Jacob’s Funeral (vv.1-14)

50 Then Joseph, leaning over his father’s face, wept and kissed him. 2 He commanded his servants who were physicians to embalm his father. So they embalmed Israel. 3 They took forty days to complete this, for embalming takes that long, and the Egyptians mourned for him seventy days.

4 When the days of mourning were over, Joseph said to Pharaoh’s household, “If I have found favor with you, please tell Pharaoh that 5 my father made me take an oath, saying, ‘I am about to die. You must bury me there in the tomb that I made for myself in the land of Canaan.’ Now let me go and bury my father. Then I will return.”

6 So Pharaoh said, “Go and bury your father in keeping with your oath.”

7 Then Joseph went to bury his father, and all Pharaoh’s servants, the elders of his household, and all the elders of the land of Egypt went with him, 8 along with all Joseph’s family, his brothers, and his father’s family. Only their dependents, their flocks, and their herds were left in the land of Goshen. 9 Horses and chariots went up with him; it was a very impressive procession. 10 When they reached the threshing floor of Atad, which is across the Jordan, they lamented and wept loudly, and Joseph mourned seven days for his father. 11 When the Canaanite inhabitants of the land saw the mourning at the threshing floor of Atad, they said, “This is a solemn mourning on the part of the Egyptians.” Therefore the place is named Abel-mizraim. It is across the Jordan.

12 So Jacob’s sons did for him what he had commanded them. 13 They carried him to the land of Canaan and buried him in the cave at Machpelah in the field near Mamre, which Abraham had purchased as burial property from Ephron the Hethite. 14 After Joseph buried his father, he returned to Egypt with his brothers and all who had gone with him to bury his father.

The Brothers’ Apology and Joseph’s Response (vv.14-21)

15 When Joseph’s brothers saw that their father was dead, they said to one another, “If Joseph is holding a grudge against us, he will certainly repay us for all the suffering we caused him.”

16 So they sent this message to Joseph, “Before he died your father gave a command: 17 ‘Say this to Joseph: Please forgive your brothers’ transgression and their sin—the suffering they caused you.’ Therefore, please forgive the transgression of the servants of the God of your father.” Joseph wept when their message came to him. 18 His brothers also came to him, bowed down before him, and said, “We are your slaves!”

19 But Joseph said to them, “Don’t be afraid. Am I in the place of God? 20 You planned evil against me; God planned it for good to bring about the present result—the survival of many people. 21 Therefore don’t be afraid.
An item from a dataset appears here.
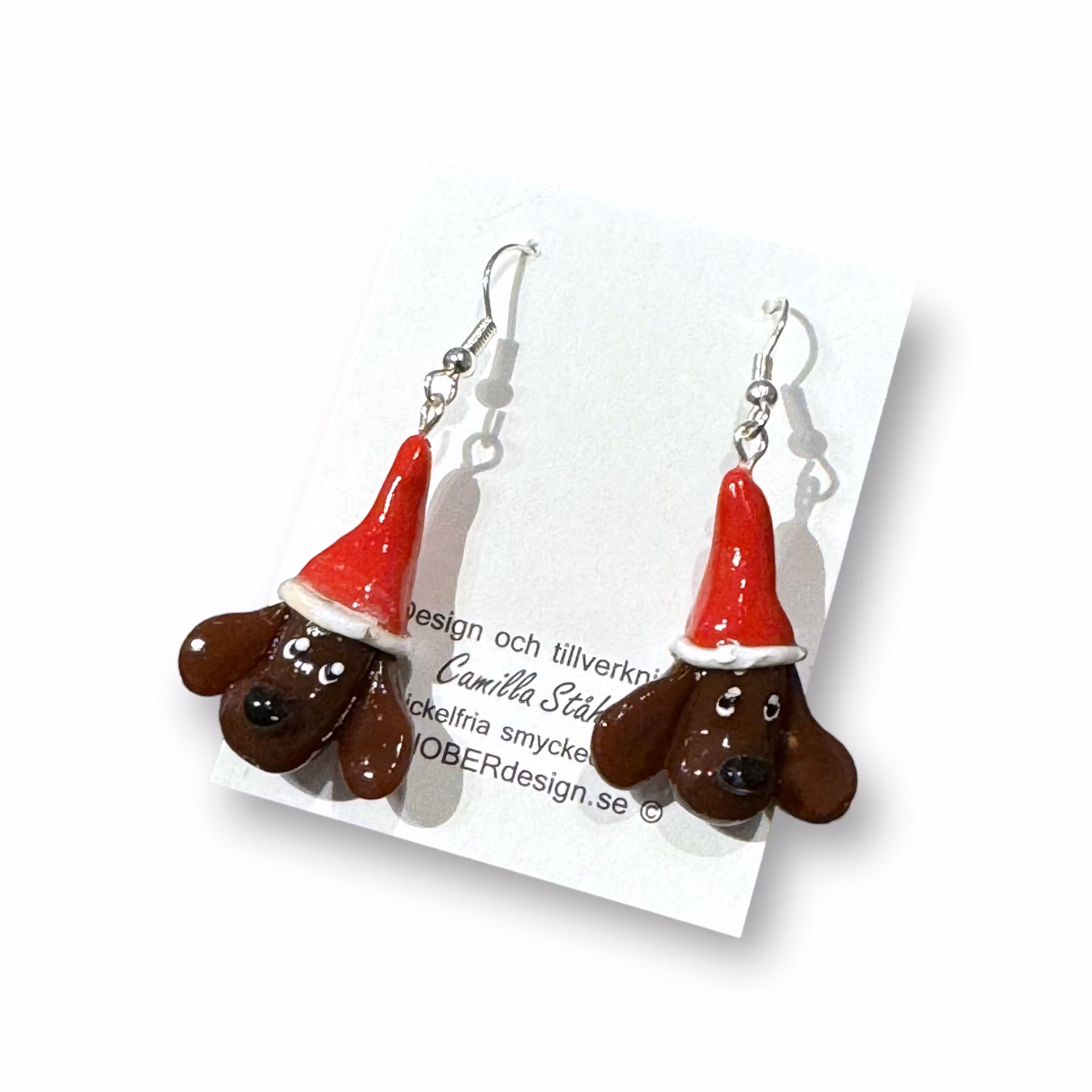 Små söta örhängen med hundar i tomteluva. Dessa gör jag för hand så de blir lite olika i utseende och storlek.

I will take care of you and your children.” And he comforted them and spoke kindly to them.

Joseph’s Funeral (vv.22-26)

22 Joseph and his father’s family remained in Egypt. Joseph lived 110 years. 23 He saw Ephraim’s sons to the third generation; the sons of Manasseh’s son Machir were recognized by Joseph.
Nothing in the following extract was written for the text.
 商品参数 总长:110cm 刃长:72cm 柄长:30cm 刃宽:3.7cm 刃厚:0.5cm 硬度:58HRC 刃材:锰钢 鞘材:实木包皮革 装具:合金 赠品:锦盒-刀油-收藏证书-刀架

24 Joseph said to his brothers, “I am about to die, but God will certainly come to your aid and bring you up from this land to the land he swore to give to Abraham, Isaac, and Jacob.” 25 So Joseph made the sons of Israel take an oath: “When God comes to your aid, you are to carry my bones up from here.”

26 Joseph died at the age of 110. They embalmed him and placed him in a coffin in Egypt.

This is the Word of the Lord. May the Holy Spirit help us to apply this word to our lives. Let’s pray.

We’ve just read the end of the first book of the Bible. We’ve seen how God through Joseph to rescue his family, but the more we study the more we realize God really is the main character of this whole narrative.

Everything that God has worked to do in human history since the fall—and I’d really argue even before—is to gather a people to the praise of His glory through His Son. Jesus said in Matthew 6 that the will of the Father who sent Him was that he would lose none of those the Father has given Him. Colossians 1:13 shows us how God has worked this rescue for us: He has rescued us from the domain of darkness and transferred us into the kingdom of the Son he loves. (Col. 1:13)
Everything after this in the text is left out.